== RECORDS FOR THE TASK ==

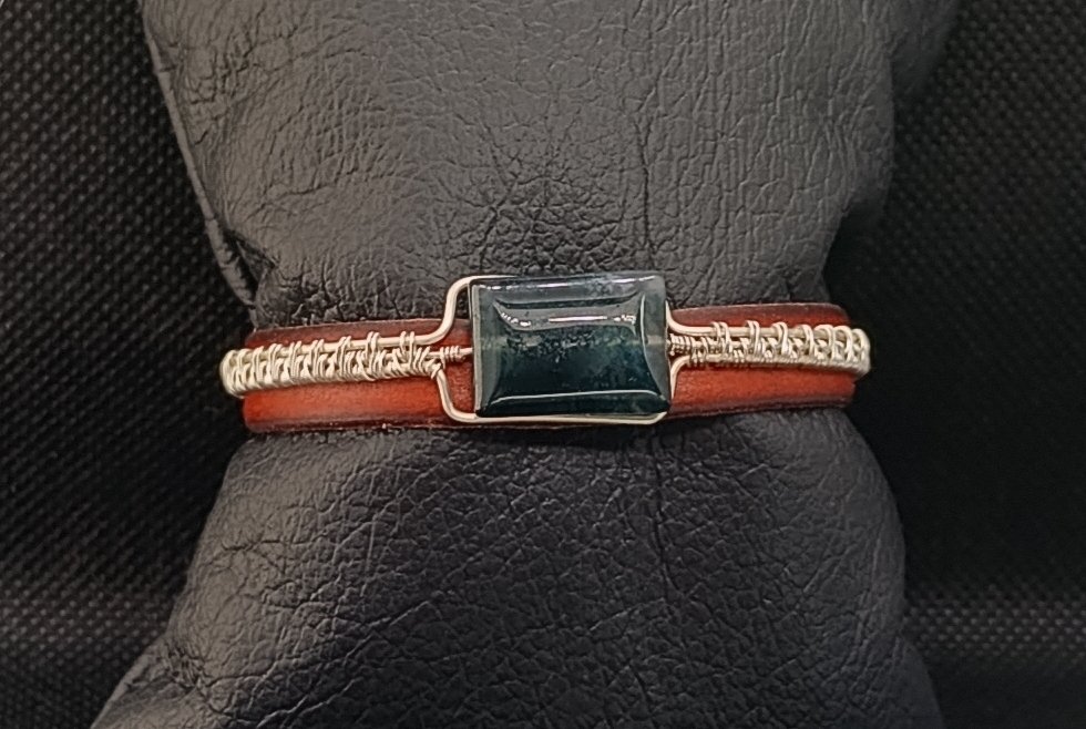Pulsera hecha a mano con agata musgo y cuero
* * *
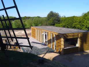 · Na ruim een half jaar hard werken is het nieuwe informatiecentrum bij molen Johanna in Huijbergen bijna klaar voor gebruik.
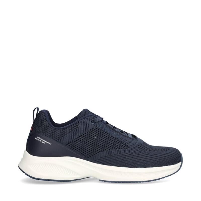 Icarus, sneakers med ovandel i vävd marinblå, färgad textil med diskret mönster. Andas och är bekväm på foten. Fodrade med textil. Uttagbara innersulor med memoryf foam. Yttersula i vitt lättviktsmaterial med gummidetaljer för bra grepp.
...
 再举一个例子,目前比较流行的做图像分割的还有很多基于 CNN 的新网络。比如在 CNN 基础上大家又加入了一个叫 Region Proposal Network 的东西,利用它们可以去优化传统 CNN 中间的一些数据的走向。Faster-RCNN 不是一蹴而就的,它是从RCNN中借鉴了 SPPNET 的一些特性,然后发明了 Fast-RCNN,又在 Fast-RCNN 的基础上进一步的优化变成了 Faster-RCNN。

== DIRECTIONS FOR THIS TASK ==
In the entries above, find the line with "klaar voor gebruik." and the line with "Icarus, sneakers med". Write out exactly those two lines and every line between them, pictures excluded.

== WRITTEN ANSWER ==
 · Na ruim een half jaar hard werken is het nieuwe informatiecentrum bij molen Johanna in Huijbergen bijna klaar voor gebruik.
 Icarus, sneakers med ovandel i vävd marinblå, färgad textil med diskret mönster. Andas och är bekväm på foten. Fodrade med textil. Uttagbara innersulor med memoryf foam. Yttersula i vitt lättviktsmaterial med gummidetaljer för bra grepp.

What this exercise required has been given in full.